Two major back-to-back floods in 1883 and 1884 drove people out of Cincinnati’s West End and up into Price Hill to live. St. Lawrence Church couldn’t absorb all the Catholic families who settled in the eastern section, so Holy Family Church was built to welcome them into a place of worship. The new church’s dedication took place in August 1884. 

This past August, 130 years later, the church at the corner of West 8th Street and Hawthorne Avenue helped its Guatemalan community celebrate 11 years as part of the Holy Family faith community. It wasn’t flood waters that drove out this Latino group from their homeland, but the ravages of years of extreme poverty; political unrest and corruption; massacres of the indigenous; lack of decent health care; the crippling effects of a civil war that spanned nearly four decades; and the latest cancers eating away at this small country: drug trafficking, organized crime and gang violence. All this dumped on an indigenous population with an illiteracy rate of 25 percent and the fourth highest rate of malnutrition in the world.
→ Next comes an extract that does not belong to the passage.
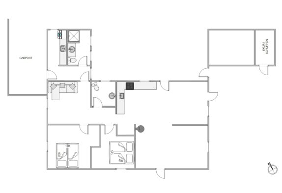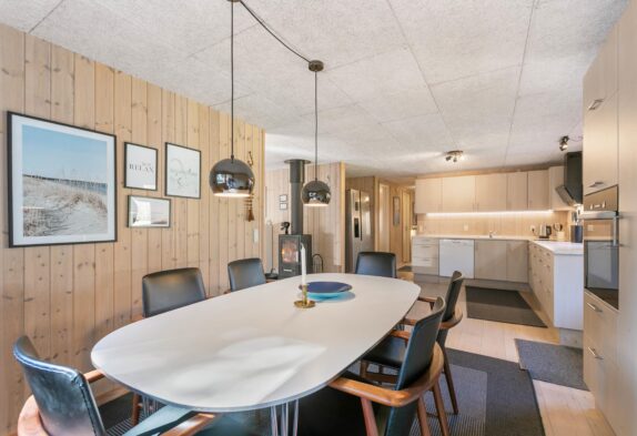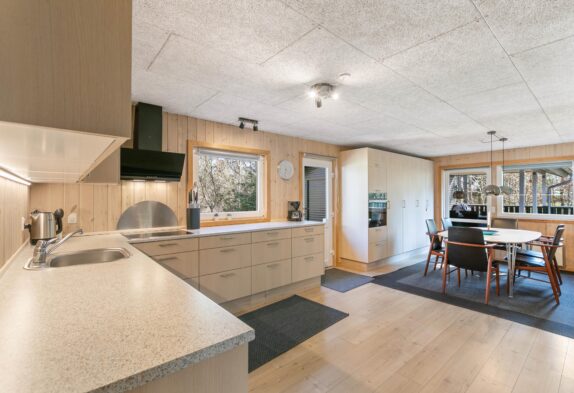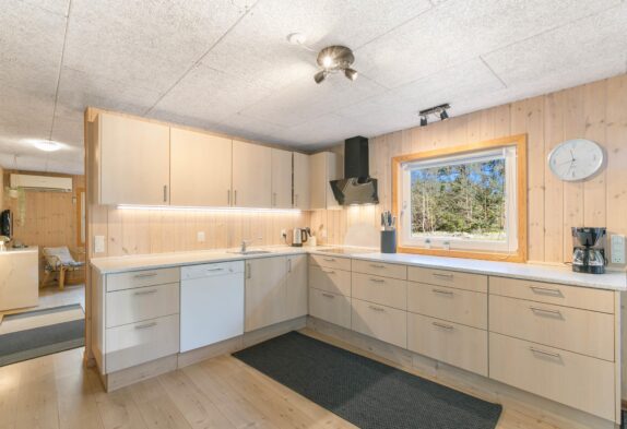 Huset er lyst og praktisk indrettet med det store køkken-opholdsrum som det naturlige samlingspunkt. Køkkenafdeling har alt, hvad der er nødvendigt til en god ferie, bl.a. amerikaner-køleskab, 180 l. fryser, mikroovn og opvaskemaskine, så alle kan bruge tiden på samvær og oplevelser.

Some of the Guatemalan immigrants who came to Cincinnati settled in Price Hill and formed small faith communities for moral support and group prayer. Since there was no church for them to call home, they gathered in one apartment or another. When they met Father Samuel Gonzalez, a priest working at St. Charles Hispanic Center in Carthage, he advised them to ask for some space at St. Lawrence, but there was none. However, in 2009, Holy Family Church agreed to rent them space in its auditorium, and they would gather there for meetings and prayer services.

In August of 2012, when Father Len Wenke became pastoral administrator of Holy Family parish, he improved the situation. He invited the Guatemalans to become part of the parish community and in July, 2013, introduced a bilingual Mass. “We made the decision not to have a Spanish Mass,” Father Wenke explained, “because we wanted to encourage celebration as one community rather than two cultures using the space of the church at separate times.”

“It was a bumpy road at first,” Father Wenke said, “but it has smoothed out a bit.” While English speaking parishioners have weekend Masses in English as an option, many choose to join an average of 60 Guatemalans for the bilingual celebration of the Eucharist. And the Guatemalans attend the English Masses on occasion. Fellowship gatherings in the church hall for various events are also becoming more culturally mixed.

The parish would like to have sacramental preparation for English and Spanish speaking adults as one group, using the traditional text and process but with cultural adaptations for the Latinos, but that is still in the dream stage.

Asked Holy Family’s secret to its process of assimilation of Latinos, Father Wenke smiled. “This Guatemalan community has a deep devotion to the Holy Spirit, and there’s no question the Spirit is moving here, but I like to think it also has to do with an attitude of hospitality, something this parish sees as an essential quality of the Catholic Church.”

The Guatemalans have a median age of about 25, with two or more Latino baptisms taking place every month, which bodes well for the future. The Holy Family school year began with 231 students, 61(28 percent) of them Guatemalan. That’s up from 41 last year and 24 the year before. This young and growing part of the parish will continue to have an active part in church life, and Father Wenke is quick to emphasize, “They have every right because they are baptized and initiated as Catholics.”

Vidal Ramirez, prayer leader of the Guatemalan small faith community and catechist to its children, says everyone feels welcome at Holy Family. They are grateful to have been made a part of the parish and look forward to becoming more involved. “Now we are lectors,” Vidal said, “and some Guatemalans are involved in music ministry.” Ramirez said he would like to see the Guatemalan youth become more active in the church. “The little ones know where they belong, but the teenagers and young adults still need to find their way.” He hopes Holy Family can help to make this happen.